第四章 キックオフ! Ⅱ
「来い!」
金髪碧眼の黄色のユニフォームのゴールキーパー、ルーオンは身構える。オフサイドを告げる笛はない。打ち放たれたシュートはディフェンダーの足の間を縫うように飛び。
ルーオンは跳躍して腕を伸ばし、ボールを捕らえようとするが。分厚い手袋の指先をかすめるようにボールは飛んでゆき。
ネットを揺らした。
ひときわ高い喚声が轟いた。
ルーオンは悔しまぎれにボールを蹴り飛ばし。シュートを決めた相手選手は腕を上げて仲間たちと得点を喜ぶ。
龍介のもとにボールが転がり、センターに置いた。
「よし、よくやった」
ヴァゼッラは得意そうな顔をし頷き、シェラーンに笑顔を向けた。
「なんの、まだこれからですわ」
「私が誇る選手たちに、かの異世界のフォワードはどこまで立ち向かえるであろう。興味を持って見ておりますよ」
シェラーンは真剣なまなざしのままヴァゼッラに頷きを返し、ピッチに目を向けた。
試合は再開される。観客席のピエロDJは、
「さあーヴァゼッラが1点取って、追加点を取るか、それとも取り返されるか。こいつは楽しみだあー」
と、まくしたてるように言い。観客たちもやんやの喝采を送り試合を楽しんでいる。
が、特にシェラネマーレを応援している者たちは必死に声を出して声援を送っていた。
「なんの、まだ1点だ」
「2点、取って取れないことはないだろう!」
10人の選手たちは、押したり押されたりの一進一退。ゴールキーパーが大声を出してフィールドプレイヤーにどうするべきか声をかけるコーチングをする。
一番後ろにいるキーパーは試合展開を読めやすい位置にあり、その声は時として神の声とも言われる。
「寄せが甘い、またやられるぞ!」
ルーオンは大きな声を選手たちにぶつける。
一進一退気味だったのが、徐々に押されている。リョンジェをはじめとするディフェンダーも防いでいるが、どうにかボールを奪取してもパスがうまくつながらず、前に出ようとしてもセンターラインのあたりで獲られて押される場面が多くなってきた。

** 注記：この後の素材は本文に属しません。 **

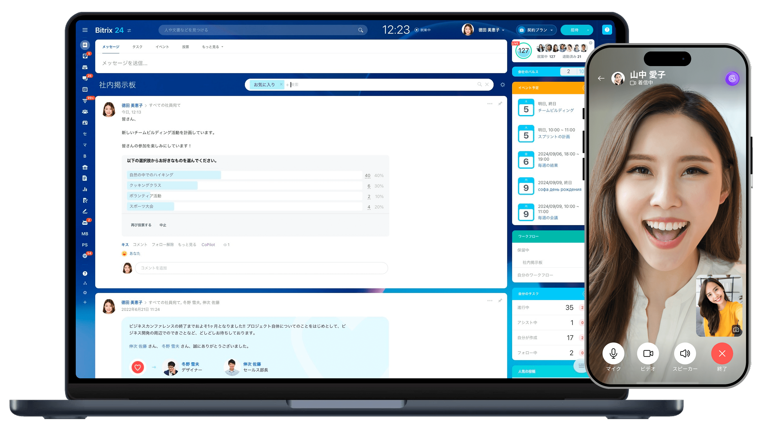 チャットやビデオ通話で、チーム内のコミュニケーションも円滑に行えます。

リョンジェと反対側、最後列の一番左についているウォーラという選手が相手の圧力を避けるために、やむなくバックパスを出してボールをルーオンにつなげた。
ボールを抱えたルーオンは、鋭い目つきでピッチを睨んだ。
「ヴァゼッラの連中はからみつくようにオレたちの進路をふさぐな。生半可なことじゃシュートも打てねえ」
相手は最前線のラインを上げて圧力をかけてくる。その圧力をかわして前に出なければいけない。